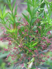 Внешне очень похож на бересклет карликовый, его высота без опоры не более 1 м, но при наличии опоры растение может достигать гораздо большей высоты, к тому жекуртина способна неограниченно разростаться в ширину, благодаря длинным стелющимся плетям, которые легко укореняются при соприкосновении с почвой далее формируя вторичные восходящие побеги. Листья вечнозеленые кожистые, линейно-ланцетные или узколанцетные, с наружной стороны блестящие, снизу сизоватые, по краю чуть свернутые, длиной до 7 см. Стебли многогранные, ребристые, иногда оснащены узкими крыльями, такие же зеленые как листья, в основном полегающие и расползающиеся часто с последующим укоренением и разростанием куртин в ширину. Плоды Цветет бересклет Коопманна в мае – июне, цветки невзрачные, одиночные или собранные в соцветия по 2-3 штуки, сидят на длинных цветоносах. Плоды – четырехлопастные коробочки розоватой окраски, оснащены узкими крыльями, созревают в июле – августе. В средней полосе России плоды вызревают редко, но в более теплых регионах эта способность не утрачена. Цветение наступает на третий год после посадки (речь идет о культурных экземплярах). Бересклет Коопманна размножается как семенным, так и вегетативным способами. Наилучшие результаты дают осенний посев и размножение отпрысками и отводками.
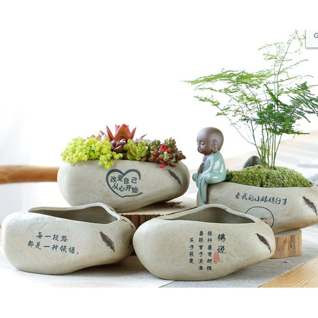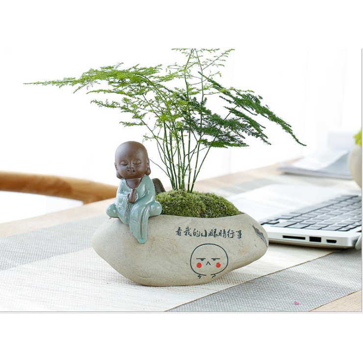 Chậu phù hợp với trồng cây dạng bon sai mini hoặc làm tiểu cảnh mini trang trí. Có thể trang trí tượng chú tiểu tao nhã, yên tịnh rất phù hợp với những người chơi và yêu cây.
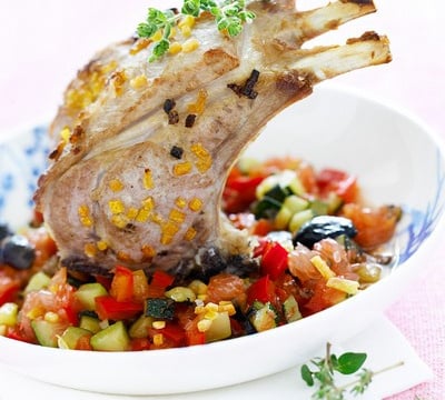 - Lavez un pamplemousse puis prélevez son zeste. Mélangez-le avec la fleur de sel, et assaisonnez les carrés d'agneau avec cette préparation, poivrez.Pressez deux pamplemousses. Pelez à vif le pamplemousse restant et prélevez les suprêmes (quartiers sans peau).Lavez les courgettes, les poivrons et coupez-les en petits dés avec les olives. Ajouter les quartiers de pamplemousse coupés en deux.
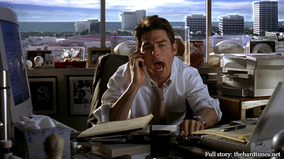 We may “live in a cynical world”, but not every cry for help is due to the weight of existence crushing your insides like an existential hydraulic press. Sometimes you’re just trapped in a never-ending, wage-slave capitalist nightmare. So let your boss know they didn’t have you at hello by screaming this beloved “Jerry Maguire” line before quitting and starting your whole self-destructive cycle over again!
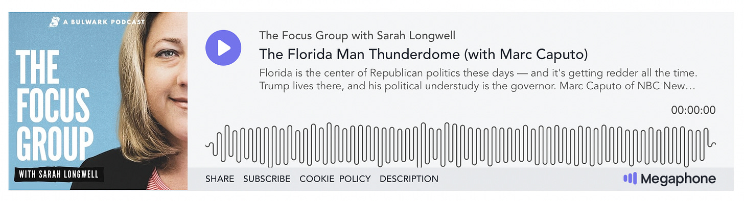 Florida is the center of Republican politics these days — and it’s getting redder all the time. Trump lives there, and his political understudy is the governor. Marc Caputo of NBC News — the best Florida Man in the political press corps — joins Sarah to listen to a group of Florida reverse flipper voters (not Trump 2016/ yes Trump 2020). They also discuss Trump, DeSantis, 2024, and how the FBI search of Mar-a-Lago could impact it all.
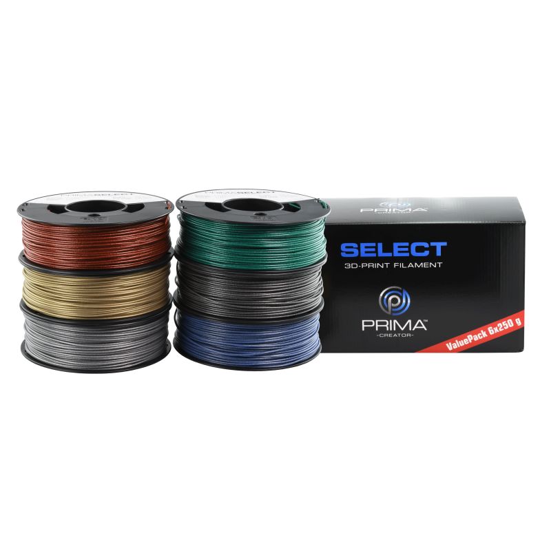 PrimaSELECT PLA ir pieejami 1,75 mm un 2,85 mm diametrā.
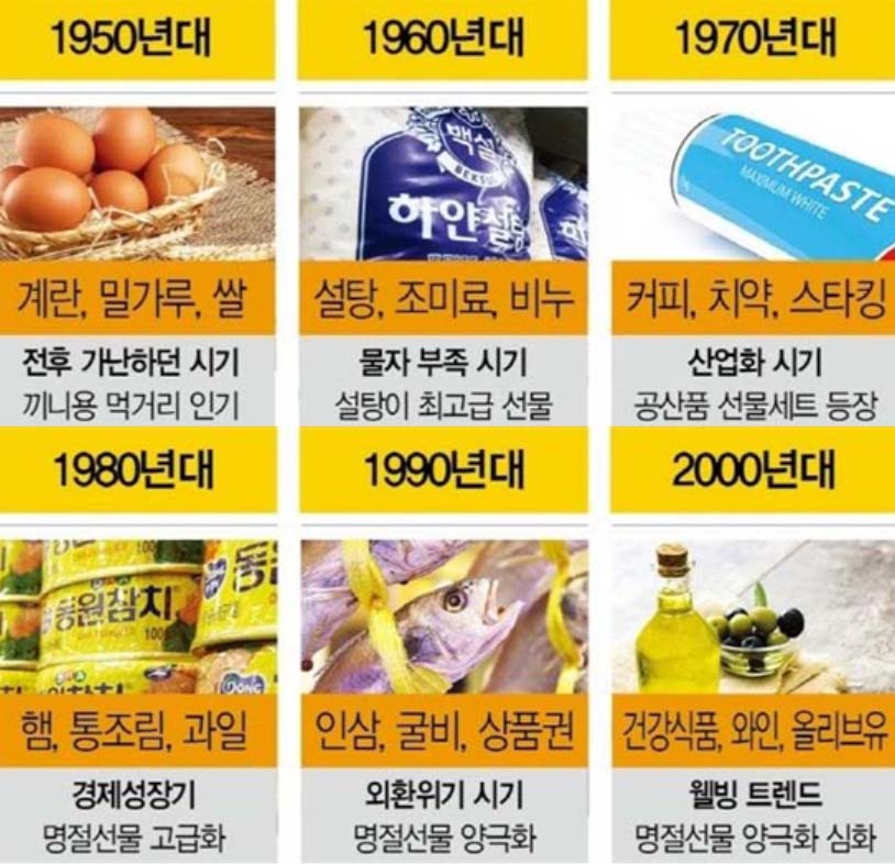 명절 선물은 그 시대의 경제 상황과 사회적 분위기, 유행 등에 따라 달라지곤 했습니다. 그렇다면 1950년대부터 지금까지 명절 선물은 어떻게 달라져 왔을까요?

==

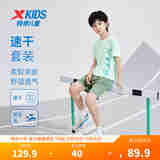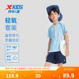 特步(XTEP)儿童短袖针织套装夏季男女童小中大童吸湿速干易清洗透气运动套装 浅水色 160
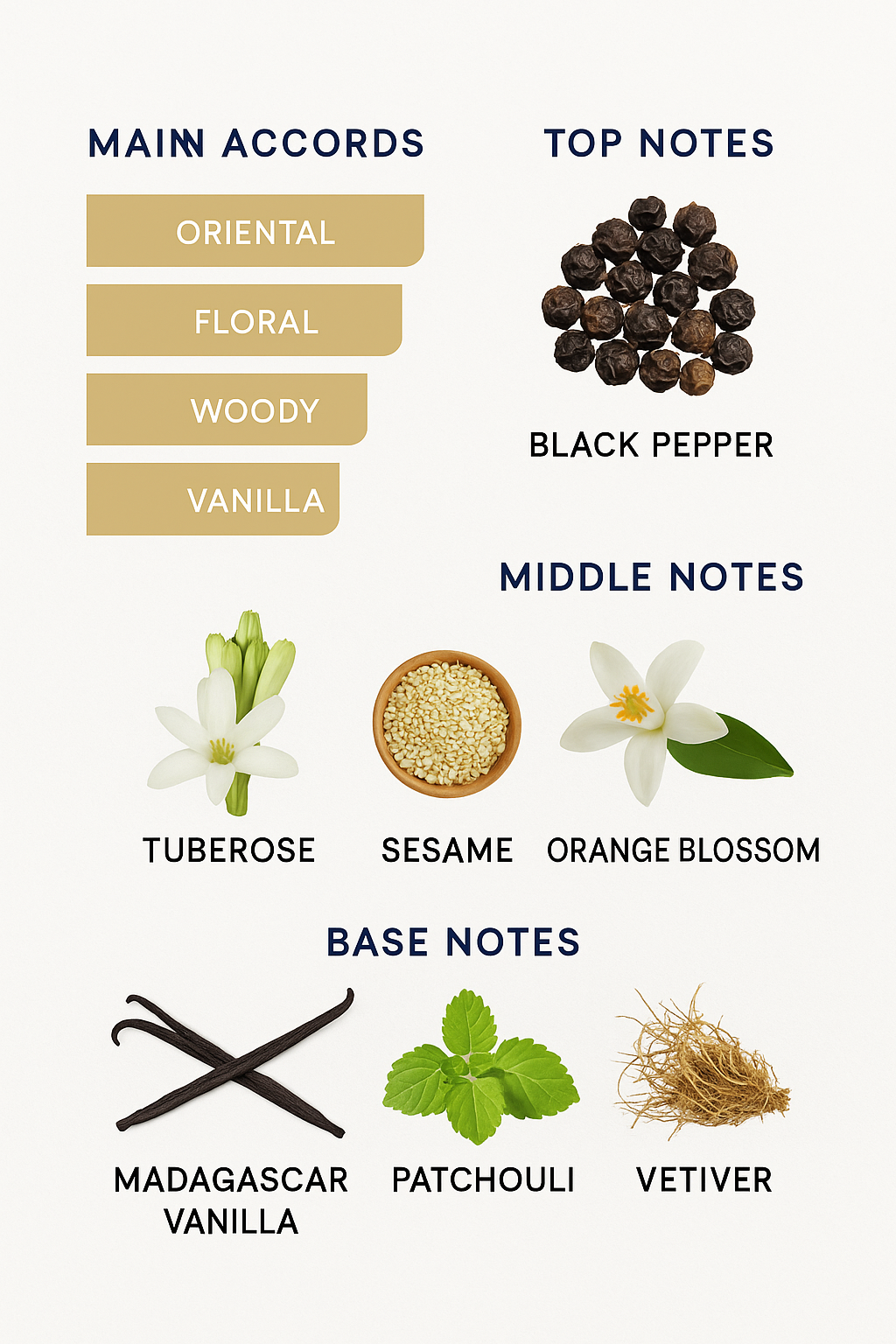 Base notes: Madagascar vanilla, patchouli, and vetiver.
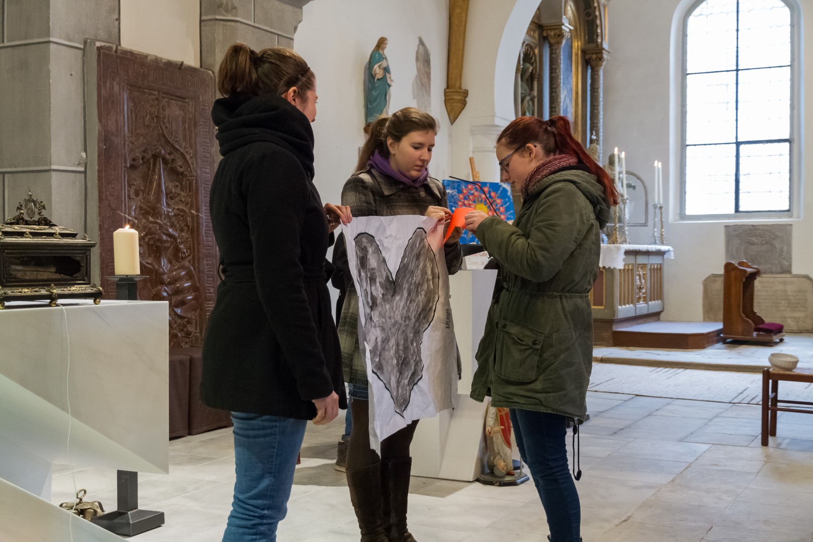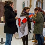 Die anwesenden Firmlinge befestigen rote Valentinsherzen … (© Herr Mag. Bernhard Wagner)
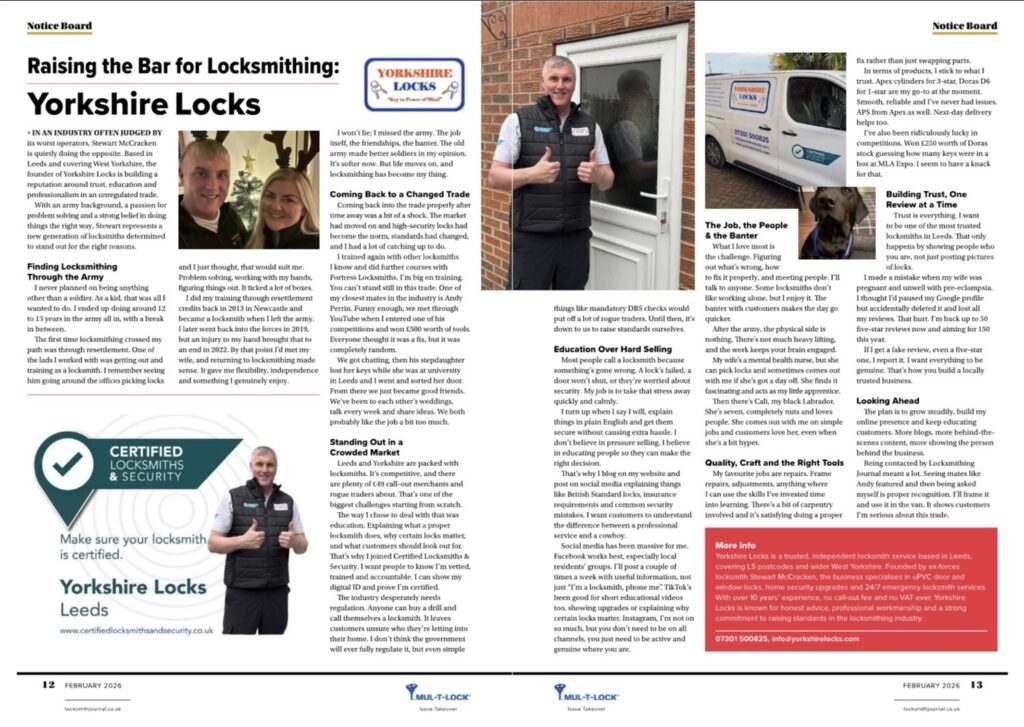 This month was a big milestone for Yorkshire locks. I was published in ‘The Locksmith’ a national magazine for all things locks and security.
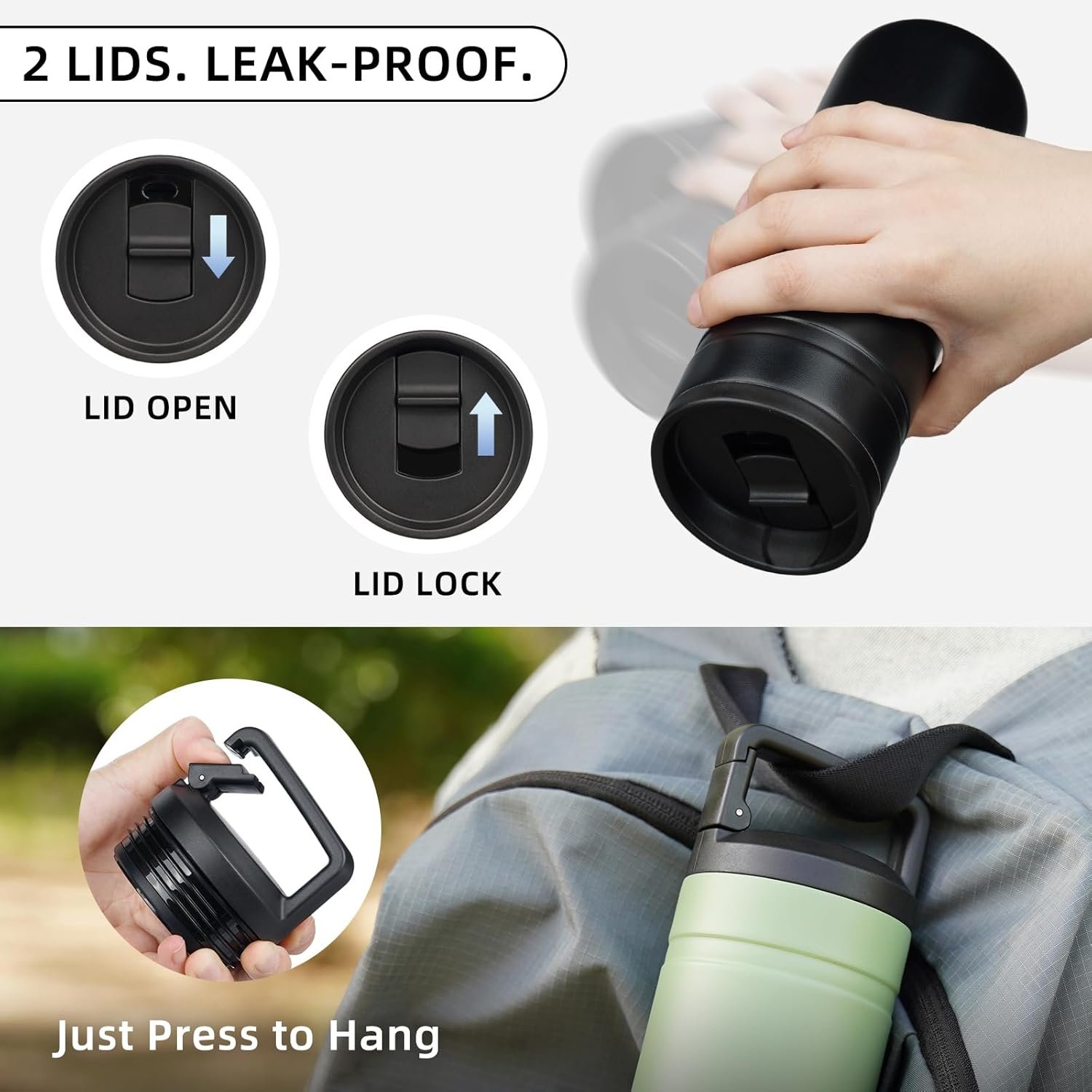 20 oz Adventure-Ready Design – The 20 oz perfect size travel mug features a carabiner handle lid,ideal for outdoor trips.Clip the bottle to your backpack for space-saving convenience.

--

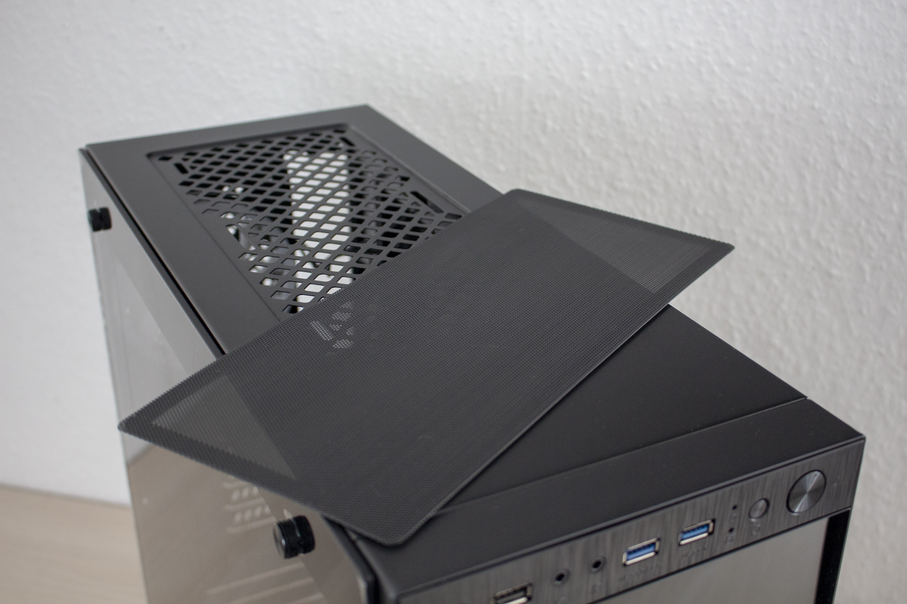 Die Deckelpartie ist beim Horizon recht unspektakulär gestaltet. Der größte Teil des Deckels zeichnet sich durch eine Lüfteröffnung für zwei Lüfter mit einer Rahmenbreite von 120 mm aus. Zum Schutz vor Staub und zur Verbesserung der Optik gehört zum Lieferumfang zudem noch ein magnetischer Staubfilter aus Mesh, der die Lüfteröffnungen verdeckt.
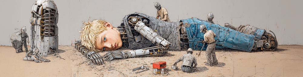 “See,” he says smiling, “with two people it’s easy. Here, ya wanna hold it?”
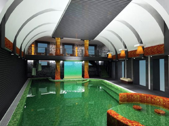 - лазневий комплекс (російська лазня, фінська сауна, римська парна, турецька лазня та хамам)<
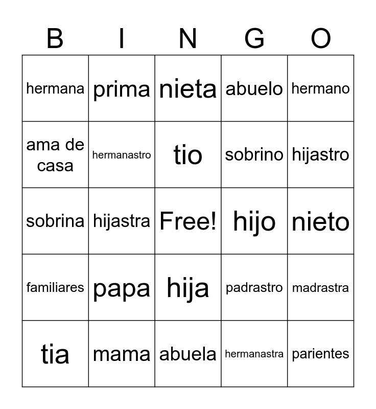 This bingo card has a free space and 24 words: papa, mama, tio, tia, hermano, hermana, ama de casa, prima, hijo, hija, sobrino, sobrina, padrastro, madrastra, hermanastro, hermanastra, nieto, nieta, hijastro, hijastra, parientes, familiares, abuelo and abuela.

Activity: Your answer must be the lines above from the one holding "two people it’s" up to and including the one holding "This bingo card", exact and with no pictures.

Your response:
 “See,” he says smiling, “with two people it’s easy. Here, ya wanna hold it?”
 - лазневий комплекс (російська лазня, фінська сауна, римська парна, турецька лазня та хамам)<
 This bingo card has a free space and 24 words: papa, mama, tio, tia, hermano, hermana, ama de casa, prima, hijo, hija, sobrino, sobrina, padrastro, madrastra, hermanastro, hermanastra, nieto, nieta, hijastro, hijastra, parientes, familiares, abuelo and abuela.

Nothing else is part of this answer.